No. 15 Utah exploits ASU football’s diminished offensive line in Senior Night loss

The Sun Devils struggled to contain Hunter Dimick and the Utes' front seven

The word "decimate" has its roots in the Latin decimare, which means to “take or offer a tenth part.”

ASU football had 10 injured starters who were either ruled out or questionable for Thursday night’s game against No. 15 Utah – and three of them were on the offensive line.

The Sun Devils (5-5, 2-5 Pac-12) dropped their fourth straight game of the season, 49-26 to the Utes (8-2, 5-2 Pac-12) in what was largely due to the injuries suffered by key players up front. While junior center AJ McCollum did play, redshirt sophomore left guard Sam Jones and redshirt senior right guard Stephon McCray did not, due to a foot injury and an ailment that was undisclosed, respectively.

Late in the fourth quarter, redshirt junior center Tyler McClure left the field and returned to the locker room, before returning once more to the field. His status is unknown.


This instability has wreaked havoc on the unit, which has also cycled through quarterbacks – redshirt sophomore Manny Wilkins started and finished his first full game (except for ASU’s final possession when freshman Dillon Sterling-Cole was called upon for mop-up duty) since the Sun Devils beat Cal 51-41 on Sept. 24.

The gaps in the offensive line were on full display Thursday night, as they were in a 54-35 loss at Oregon – Wilkins was sacked nine times and Sterling-Cole was sacked twice, as the Utes set a school record with 22 tackles for loss.

Leading the charge for Utah was senior defensive end Hunter Dimick, who recorded nine tackles – five of which were sacks.

“We got sacked 11 times, which is ridiculous,” head coach Todd Graham said. “Our whole deal was to have no negatives and to take care of the football but we ended up with 11 sacks and 22 TFLs. It is hard to be successful when you’re doing that.”

Wilkins expressed frustration and disappointment in himself for taking big hits – though his mobility and knack for avoiding imminent danger on several occasions was a key reason why the Utah defense didn’t rack up even more impressive numbers.

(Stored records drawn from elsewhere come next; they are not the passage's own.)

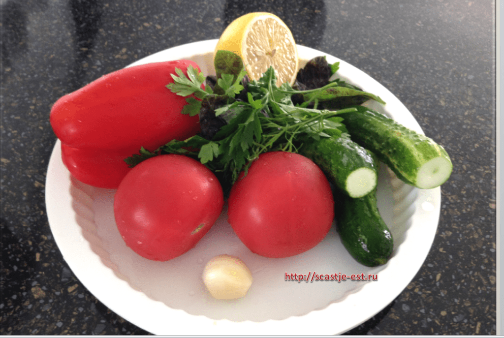 Основу классического рецепта составляют всего лишь три продукта — помидоры, сладкий перец и огурцы, а остальные импровизации зависят от нашей фантазии. Этот рецепт самый простой и без хлеба. Хотя многие кулинары утверждают, что белый хлеб обязателен, позволю не согласиться. Мне нравится этот облегченный вариант.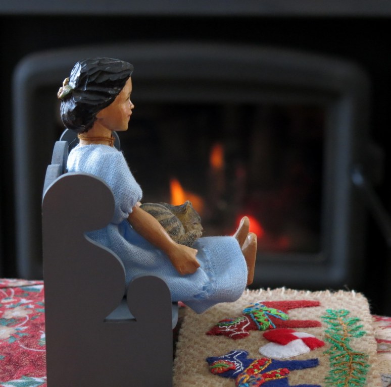 Hi Kjerstin, Sending peace and joy to you and the Quimper Hittys! Thank you so much for this peaceful, cozy scene. I love the dala horse rug. Did you make it? Wonderful! Judith
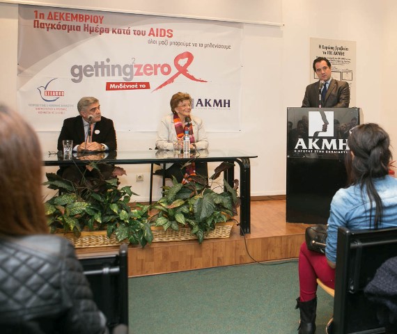 «Δεν μπορούμε να έχουμε κανέναν εφησυχασμό ως προς τα μέτρα που οφείλει να αναλάβει η Πολιτεία και το υπουργείο Υγείας ειδικότερα στον επιπολασμό του ιού του HIV. Το ΚΕ.ΕΛ.Π.ΝΟ. με τις δράσεις του όπως η ενημέρωση στα σχολεία, η διανομή δωρεάν συριγγών σε χρήστες ενδοφλέβιων ναρκωτικών ουσιών, τα προγράμματα δρόμου, η προσφορά στέγης σε οροθετικά άτομα, αποτελεί σήμερα βασικό βραχίονα στην αντιμετώπιση της εξάπλωσης της νόσου για την Ελλάδα» και συνεχάρη το ΙΕΚ ΑΚΜΗ, τη διοίκηση και τους σπουδαστές του, που εδώ και πολλά χρόνια συμπλέουν με τις κινητοποιήσεις του ΚΕΕΛΠΝΟ ενάντια στην εξάπλωση του AIDS.

Perhaps it was because he hadn’t established a rhythm, or perhaps it was that he was, like some critics said, taking too long to get the ball out.

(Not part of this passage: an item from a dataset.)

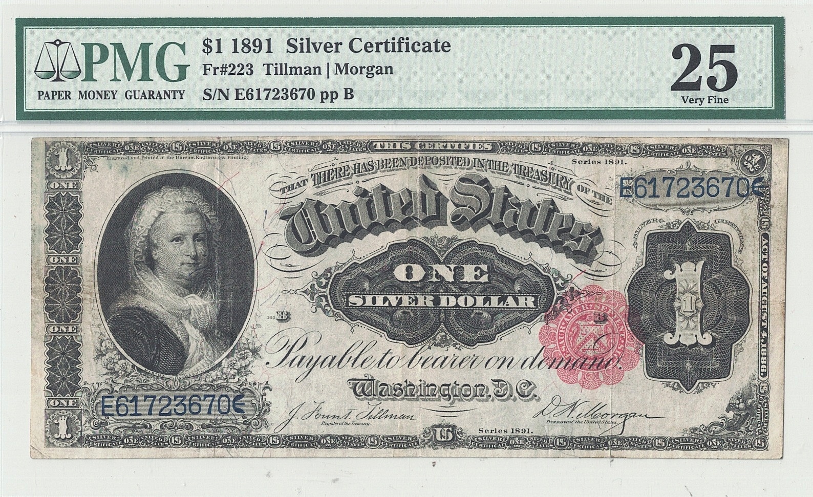 1891 $1 Silver Certificate Fr-223 PMG VF-25

“I’m not trying to take away from Utah,” Wilkins said. “Like I said before, they did a great job game planning for us. But those are just mental errors on my part. (The interceptions) are two errors I can’t do. Obviously there was a climb route down there in the end zone, and I just didn’t see a guy coming back across.

“Just have to know that we have points there regardless, we have the best field goal kicker in the nation. I just have to throw that away or get what I can get and get down. At the end of the game, just a simple concept. He made a good play, but I shouldn’t have thrown that ball.”

The lack of protection in the absence of Jones and McCray left Wilkins vulnerable from both sides – Dimick, who set a single-game school record, and senior defensive end Pita Taumoepenu, who recorded three sacks of his own, were relentless in their pass rush.

“I just need to get the ball out of my hands,” Wilkins said. “Obviously not take some of those hits. Just going through my reads and hitting the back when things aren’t there. I take full accountability for that, just have to make sure I get better and not make those same mistakes next week.”

It is difficult to overstate how fundamentally important an offensive line is to a team’s success. When junior running back Kalen Ballage set an FBS-single game record with eight rushing touchdowns against Texas Tech on Sept. 10, he brought the entire line with him to his postgame press conference to acknowledge their efforts.

No such luck tonight.

While Graham said ASU’s decision to decrease pressure with his defense had resulted in a decline in production, the opposite was true for Utah. The Utes’ risk-taking paid off by forcing Wilkins to make tough decisions in very finite windows of time and space.

“A lot of coverage sacks, quarterback dropbacks and having to double clutch and pull the ball down because there’s nowhere to go with it,” said Utah head coach Kyle Whittingham. “The pass rush did a nice job showing up.”

The similarities between the rhetoric Dimick used and how Graham and his players have approached their “attacking-style defense” were eerie.

“There was nothing we went after or noticed in particular,” Dimick said of ASU’s offensive protection scheme. “We take a lot of pride in pressuring the quarterback and that is the game plan.”

Even with Wilkins presumably as close to full-strength as he had been since his injury at USC, the Sun Devils were unable to stave off the Utes in the trenches or overcome Utah’s top-flight pass defense, and were ultimately beaten at their own game.